You might also be run over…

We move quickly sometimes…

to get not very much done.

***

“Can we stop running back and forth for just five  minutes?” I bellow at the little feet that zoom past me from room to room.

“We are going to be late.  Time to brush our teeth.”

Zoom go the feet.

“Let’s brush our teeth!”  I call out to the air as I zip up the just packed lunchbox.

Zoom

“Stop! Red light! I need teeth brushing to happen right now.”

My eldest sighs and then scurries to the bathroom, where upon crossing the threshold he begins to move in slow motion like extra thick honey.  He slowly gets his toothbrush out and pauses every five second to touch, spin, or pick up every object in the bathroom. Then he stands and stares in the mirror…

while pulling his tongue out as far as he can.

The littlest has run away with the spatula.  I will later find it in my bathroom wastebasket.

Ten minutes later I am helping my preschooler brush his teeth because he got caught up examining his tongue, brushing JT’s teeth, and helping Zairah who fell in the toilet.  The littlest unravels all the toilet paper while we brush molars.

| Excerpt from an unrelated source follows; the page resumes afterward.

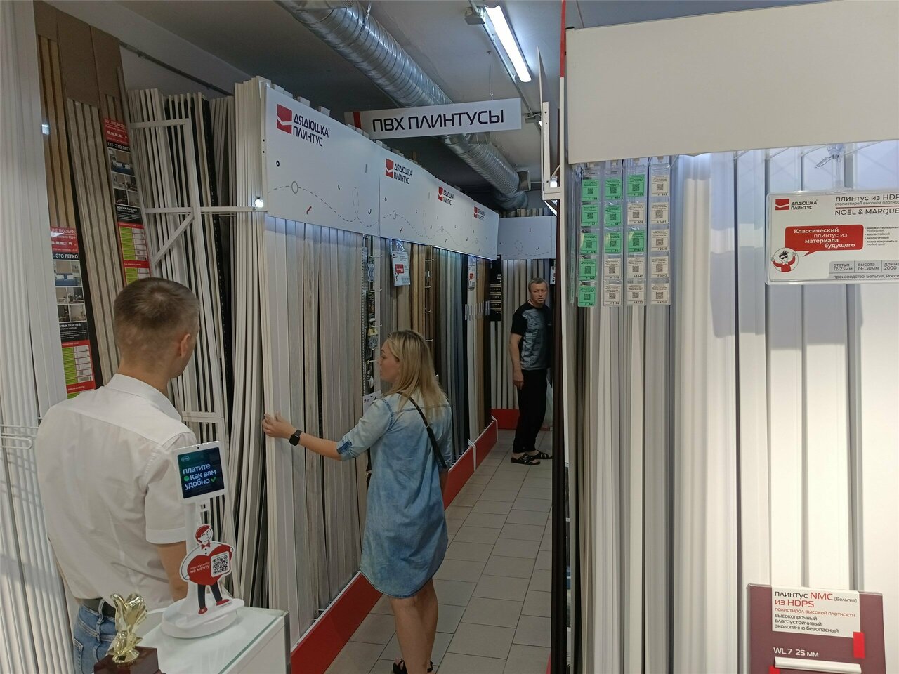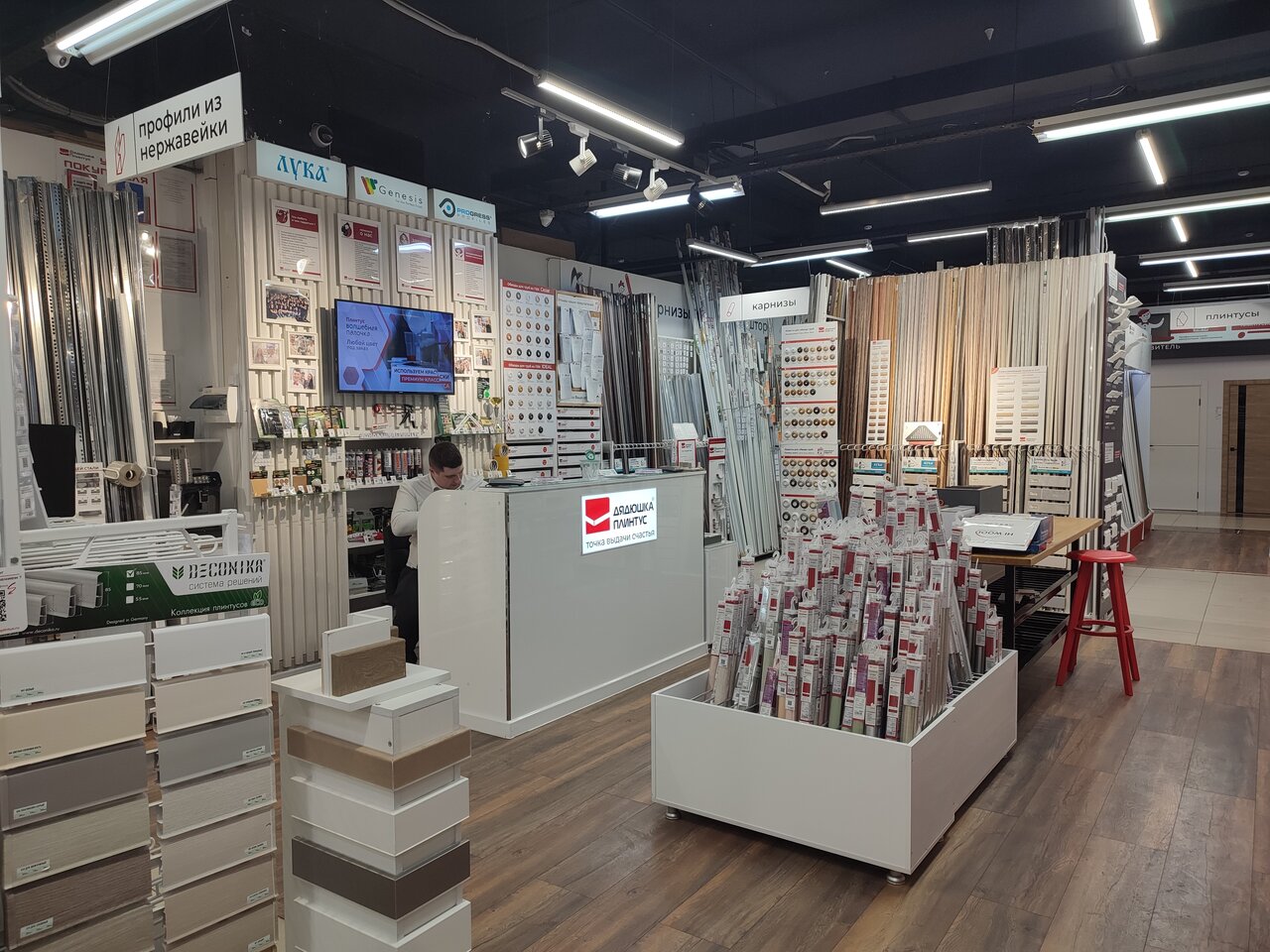 Отзывчивый персонал. Проконсультировали по плинтусам и карнизам. Выбор товара большой. Еще скидку 10 % дают. Рекомендую.

Fifteen minutes after that we are struggling into shoes by the front door.  The littlest takes one off as I put one one… and off… and on.  The preschooler announces that the Speckalow Dragon is coming and we should run.  Our “no shoes on the carpet” rule keeps us from going very far, so they run around in small circles by the front door as I scoop up keys, coffee, lunchboxes, and sippy cups.

I trip over a dog and pull toilet paper out of another dogs mouth.  The second dog has something around her neck.  I sigh as I lift a pair of my underwear off her head.  The panty stealer and TP eater licks my hand in apology.  Unable to cross the carpet to the bedroom with my shoes on, I toss the underwear on the kitchen counter to be dealt with later.  I narrowly escape the claws of the Speckalow.

I decide at the last minute I need a jacket and quickly open the front closet.  My jacket is not there.  I do, however, find a hat… and a sauce pot.  Jackets are dumb anyway, so I open the front door and the little people run like puppies out of the gate.

Zoom.

My oldest counts “1, 2, 3, 4, 5″ as everyone gets in the car.

He also screams “STOP!” when I begin backing the car out.

“Oh my gosh – WHAT?” I ask, as I clutch my heart and slam on the brakes.

He informs me that JT doesn’t have his safety belt buckled and it’s his job as the oldest to make sure everyone is safe.  He climbs out of his booster and checks JT’s belt.  Turns out he was buckled after all.  He checks Zairah’s, and the baby’s too just to be sure.  He tries to be very helpful… when he’s not trying to be a kitty.

It’s a good thing the Speckalow didn’t follow us out to the car.

Ten minutes later we are piling out of the van. My one year old only has one shoe again, so with him on my hip, I instruct everyone else to follow me like little ducklings.

There is quacking.

There is flapping.

There is making it inside the school only one minute late.

***

If you come to visit, it’s best if you just sit still while we spin around you trying to make it out the door – with the exception of ducking from flying dragons, of course.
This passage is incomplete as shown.